[BRIEF]
Word for word, and with pictures excluded, copy out all the records that follow.

[RECORDS SHOWN]
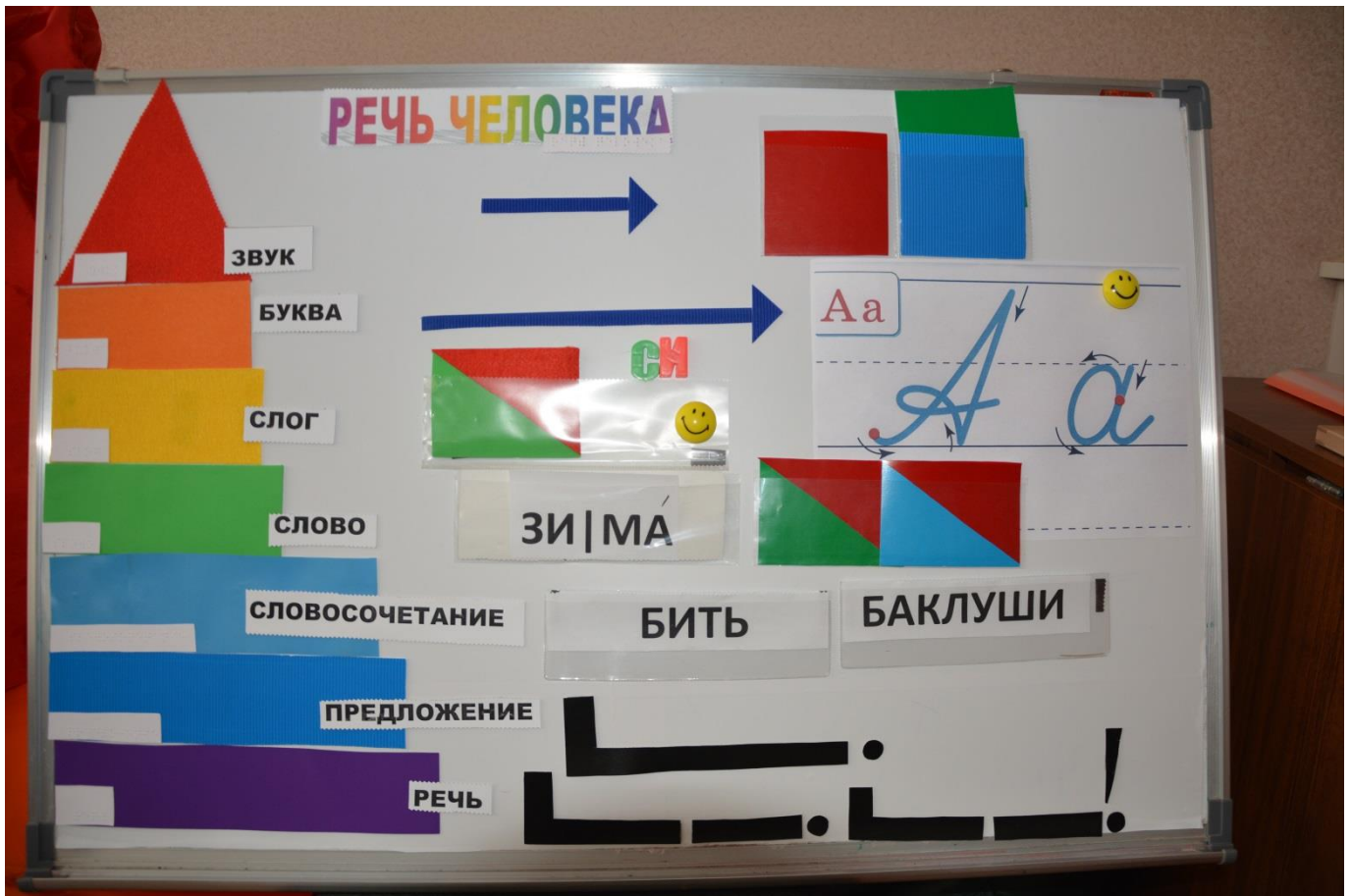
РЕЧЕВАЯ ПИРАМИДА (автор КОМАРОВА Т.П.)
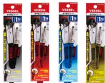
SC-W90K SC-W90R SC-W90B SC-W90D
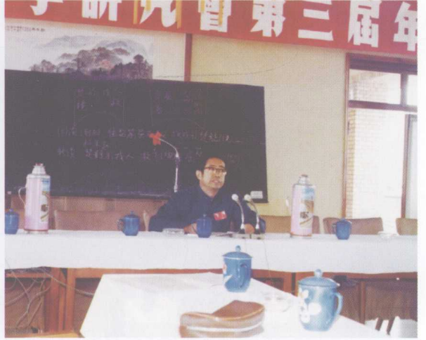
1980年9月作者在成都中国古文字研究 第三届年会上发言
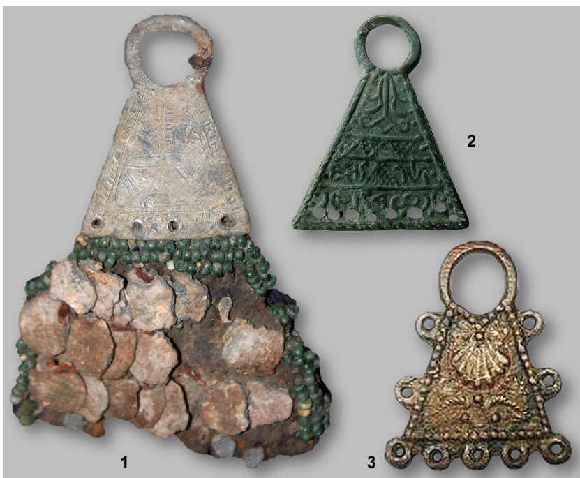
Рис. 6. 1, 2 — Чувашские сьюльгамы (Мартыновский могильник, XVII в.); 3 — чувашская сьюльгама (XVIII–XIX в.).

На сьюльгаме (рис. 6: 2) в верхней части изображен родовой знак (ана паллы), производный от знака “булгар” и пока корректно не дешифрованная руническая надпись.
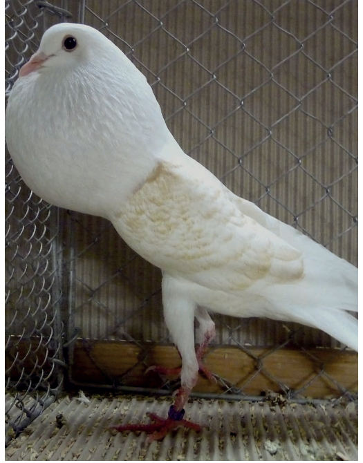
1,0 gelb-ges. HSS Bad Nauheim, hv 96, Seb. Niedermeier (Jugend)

[WRITTEN RESPONSE]
РЕЧЕВАЯ ПИРАМИДА (автор КОМАРОВА Т.П.)
SC-W90K SC-W90R SC-W90B SC-W90D
1980年9月作者在成都中国古文字研究 第三届年会上发言
Рис. 6. 1, 2 — Чувашские сьюльгамы (Мартыновский могильник, XVII в.); 3 — чувашская сьюльгама (XVIII–XIX в.).

На сьюльгаме (рис. 6: 2) в верхней части изображен родовой знак (ана паллы), производный от знака “булгар” и пока корректно не дешифрованная руническая надпись.
1,0 gelb-ges. HSS Bad Nauheim, hv 96, Seb. Niedermeier (Jugend)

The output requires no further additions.